▶ **Given material**
==================================================

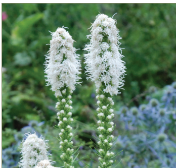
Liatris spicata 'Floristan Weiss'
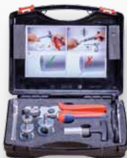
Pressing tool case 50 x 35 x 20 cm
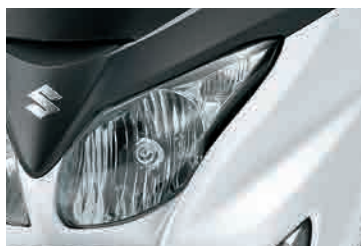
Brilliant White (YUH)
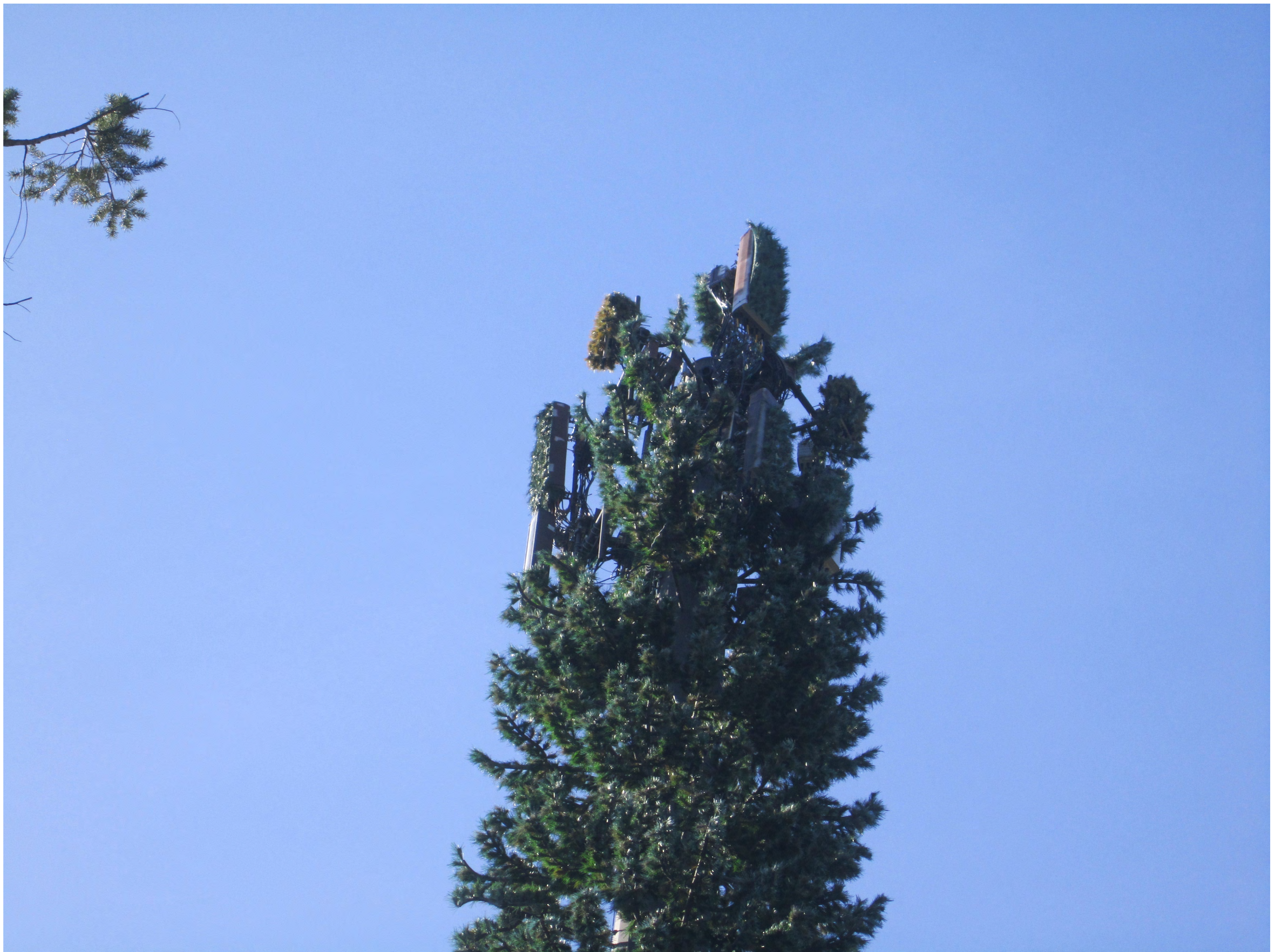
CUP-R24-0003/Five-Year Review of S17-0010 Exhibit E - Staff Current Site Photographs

==================================================

▶ **Assigned task**
Every line above is to be written out unchanged, with the pictures omitted.

▶ **Result below**
Liatris spicata 'Floristan Weiss'
Pressing tool case 50 x 35 x 20 cm
Brilliant White (YUH)
CUP-R24-0003/Five-Year Review of S17-0010 Exhibit E - Staff Current Site Photographs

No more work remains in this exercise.